Il padiglione dell’Albania (Arsenale, Artiglierie) sarà rappresentato da Driant Zeneli (1983, Shkoder, Albania) e curato da Alicia Knock, e non poteva esserci scelta migliore poiché Zeneli, pur molto giovane, ha già sedimentato le tracce della sua ricerca, che converge nei concetti di fallimento ed errore, attraverso un immaginario iperbolico che coniuga i termini dell’utopia.
Video, installazioni e performance sono i mezzi che l’artista, che vive tra Milano e Tirana, profila nel suo orizzonte non comune. Nel 2008 ha vinto il Premio di arte contemporanea Onufri e ha esposto in moltissimi musei internazionali. Per l’occasione, Zeneli ha realizzato una video installazione scultorea su due canali, opera impegnativa di cui chiediamo qualche anticipazione allo stesso artista.

Come si sviluppa la video installazione «Maybe the cosmos is not so extraordinary», che grazie al ricorso al genere fantasy, e senza retorica, racconta le pieghe della nazione albanese?
Maybe the cosmos is not so extraordinary è una video-scultura che trasforma lo spazio del padiglione in un luogo in cui il pubblico vedrà la storia di cinque ragazzini astronauti che scoprono una sfera cosmica in una fabbrica. Da lì, inizia il loro viaggio, accompagnati da un drone, per trasportare la sfera verso l’obiettivo: nasconderla nel corpo di una montagna. Il titolo dell’opera nasce da una frase del libro di fantascienza On the way to Epsilon Eridani (1983) del fisico e scrittore albanese Arion Hysenbegas, detta da uno dei cinque astronauti protagonisti del libro, durante il percorso verso la stella di Eridano Maybe the cosmos is not so extraordinary. Quando ho letto quella frase mi sono sentito molto vicino a questa espressione: è come se all’improvviso la forza della gravità mi stesse contraendo nello spazio. L’opera nasce in un piccolo paesino del nord est Albania, Bulqize, noto per le sue miniere di cromo che si esporta in diversi paesi del mondo, compresa la Cina. Il cromo è stato e un minerale fondamentale per l’economia albanese, dagli anni Venti a oggi. Lo usiamo ogni giorno nelle nostre posate cromate fino agli allogeni per le costruzioni delle navicelle spaziali. Mi interessava la metafora di questo minerale che si estrae con l’impegno e la sfida di tante persone, per poi espandersi ovunque.
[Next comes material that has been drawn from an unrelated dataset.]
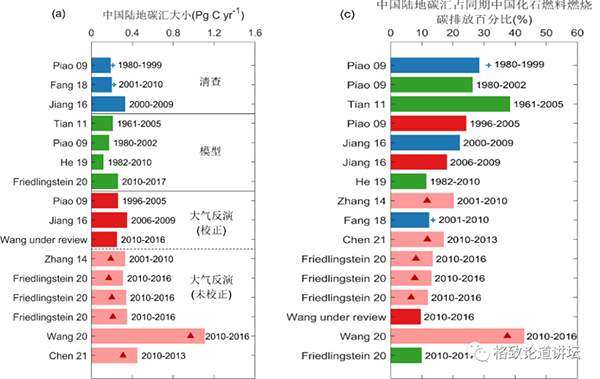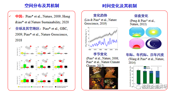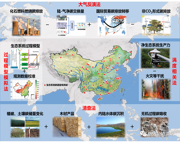▲数据来源:NOAA 这个视频是不同二氧化碳浓度观测站的二氧化碳浓度的变化。横坐标是这个站点分布的纬度,0代表赤道地区,右边是北半球地区,左边是南半球地区。我们可以看出来二氧化碳浓度是逐渐地上升的,但是每个站点的上升规律是不一样的,在南半球和赤道地区,二氧化碳浓度稳定上升,而在北半球的大部分站点是夏天的时候浓度低,而到了冬天以后,它的浓度是非常高的。主要的原因是什么呢?因为在夏天,生态系统进行光合作用吸收了大量的碳。所以我们可以看出来,陆地生态系统确实在减缓温室气体浓度上升中起着不可忽视的作用。 全球的碳计划每年会对过去10年的全球碳收支进行评估,从2011年到2020年,我们人为排放了大概400亿吨的二氧化碳,但是只有48%在大气里边累积,剩下分别有26%被陆地和海洋所吸收。 需要强调的是,我在陆地生态系统中给出来的是剩余碳汇,为什么呢?因为我们的陆地空间太复杂了,异质性太大了,所以现在还没有很好的方法可以完全准确地估算出全球的陆地碳汇到底有多少。所以在全球碳计划的时候,我们把总排放量计算出来,再把大气生态系统的部分算出来,海洋生态系统的部分算出来,然后认为剩下的应该是全球陆地生态系统的部分。但是这会导致一个问题,那就是陆地生态系统碳汇的量会受到其他几个部分的估算精度的影响。如果我们把其他部分的排放量高估了,那么陆地的碳汇也有可能会被高估。 ▲全球碳循环研究的两个关键问题 全球碳汇我们还可以这样算出来,但是如果到具体到某一个区域的时候,我们是无法用这种间接的方法去计算的。所以全球碳计划有两个核心的关键问题,26%的碳分布在哪儿?分布在美国还是在中国?这是一个核心的问题。另外一个核心的问题是碳汇随时间怎么变化?未来还会不会增加,比如增加到40%或50%?我们当然希望未来碳汇会增加,这对我们碳中和是非常有利的。 影响中国陆地碳汇的因素有哪些? 我们的课题组在过去20年,围绕这两个核心的问题进行了研究。接下来,我重点介绍一下中国的碳收支方面的研究。 我们为什么要研究这个区域的碳收支的呢?这是因为通过将区域的碳排放、吸收与全球大气中的二氧化碳浓度的增加联系起来,可以帮助确定碳补偿、减缓的政策。比如说像《京都议定书》里边提到的,如果一个国家通过植树造林吸收了更多的碳,那么就有权排放相应的碳。 因此,在科技部和基金委的支持下,我们国家在过去几十年开展了大量的研究,也为我国达成碳中和目标和参与全球气候治理提供了关键的科学支撑。 我们先看一看影响区域碳收支的影响因子有哪些。首先是土地利用的变化,在过去50年,我国75个城市的建成区面积增加了7倍左右,大家可以看一看你们所在的城市面积到底有没有变化。比如我们可以看到吉林城区基本上面积是没有变化的,而深圳的面积增加是非常大的。这种城市化的扩张会破坏自然的植被,导致碳储量流失。 中国的城市化还有一个很重要的特征,那就是农村人口向城区里边移动。这一现象对农村地区植被的破坏会相对少一些,有利于农村地区的植被的碳吸收。 另外,我们国家在过去几十年进行了大量的生态工程,包括陕北防护林等。全国的森林覆盖率由20世纪80年代初的12%,提高到目前的23%,森林蓄积量提高到了175亿立方米。我们还是全球人工林面积最大的国家,占据全球人工林面积的25%左右。所以我国大量的植树造林工作有利于陆地碳吸收,有利于生态系统的碳汇功能。 但是另一方面,我们还经历着气候变化。1901-2020年,我们国家的温度平均每10年升高0.1度。温度变化一方面有利于生态系统碳吸收,延长物候生长季的时间;但在另一方面它又是不利的,因为会加快生态系统的呼吸,比如加快植物的呼吸和土壤有机质的分解。所以,温度上升对中国生态系统碳循环到底会产生怎么样的影响,现在还存在很大的不确定性。 除了温度变化以外,我们国家的降水格局也发生了变化。我们国家现在经历着南涝的问题,如果我们看过去几十年的降水量变化的话,可以发现我国南方的降雨量是增加的,北方地区的降雨量是下降的。北方本来就缺水,因此对植被生长来说,降雨量下降是不利于生态系统碳吸收的。 二氧化碳浓度上升虽然会导致气候变暖,但对植被来说却是有利的。为什么呢?我们知道,二氧化碳是光合作物的底物,光合作用的底物增加了,光合作用的速率就会加强。目前遥感数据发现,全球植被生长率是显著增加的,叶子面积的增加量大概相当于亚马逊雨林的面积,科学家认为这一现象是二氧化碳浓度上升导致的。 另外,大气中氮的沉降也会有利于生态系统的碳的吸收。对于植被的生长来说,整个北半球的土壤里边缺氮,所以农民经常施氮肥,以便提高农作物的产量。因此大气的氮沉降也会导致植被的生产率提高,从而有利于生态系统的碳吸收。 还有一个影响因素是气溶胶,也就是我们经常提到的雾霾。雾霾对人体健康是不利的,但是目前的研究表明,雾霾对植被的生长和生态系统碳汇来说是反而是有利的。像中国科学院植物所刘玲莉老师他们研究发现,在阴天,植被的光能利用效率提高,生产力反而更好。 还有在1991-1992年左右,其实当时我们人为的碳排放量是大于70年代和80年代的,但是大气中的二氧化碳浓度基本没有增加。这是什么原因呢?其实这和1991

Gli elementi che connotano la sua ricerca – e che affondano soprattutto nel concetto di fallimento e di utopia – come sono articolati in questo progetto?
L’opera fa parte della trilogia Beneath a surface there’s just another surface, che parte dal mio incontro con diverse persone, tutte legate – in un modo o in un altro – al cromo. Nella mia prima precedente trilogia When dreams become necessity (2009-2014), al centro c’ero io con vari tentativi e fallimenti. Ho poi sentito la necessità di lavorare direttamente con altre storie. Le opere filmiche non narrano storie reali, i personaggi interpretano loro stessi nella rappresentazione dei loro medesimi sogni e tentativi. Se penso alle molte opere realizzate negli ultimi dodici anni, trovo un elemento in comune: la forza della gravità che comprendiamo fin da quando siamo bambini, nel momento in cui veniamo avvertiti di stare attenti alle nostre «cadute».

La scelta di vivere tra Milano e Tirana offrono la distanza giusta per osservare e indagare meglio le trasformazioni socio-politiche che avvengono in Albania?
Tirana e Milano sono due città con due storie totalmente diverse che hanno in comune il veloce cambiamento urbanistico e la crescita demografica. Questo le rende molto vibranti e affollate di stimoli. Avere la possibilità di vivere in queste due città è come quando stiamo costruendo un nuovo lavoro e, a un certo punto, è necessario prendere un po’ distanza dall’opera per riuscire a vederla meglio.

Qual è la sfida principale che un artista vive nella rappresentazione di un paese?
Quando il commissario del padiglione albanese e il Ministero della cultura ti affidano il progetto pubblico, sicuramente ti caricano di enormi responsabilità. Penso comunque che la vera sfida nel contesto della Biennale è quella di provare a creare dei ponti e non ulteriori confini.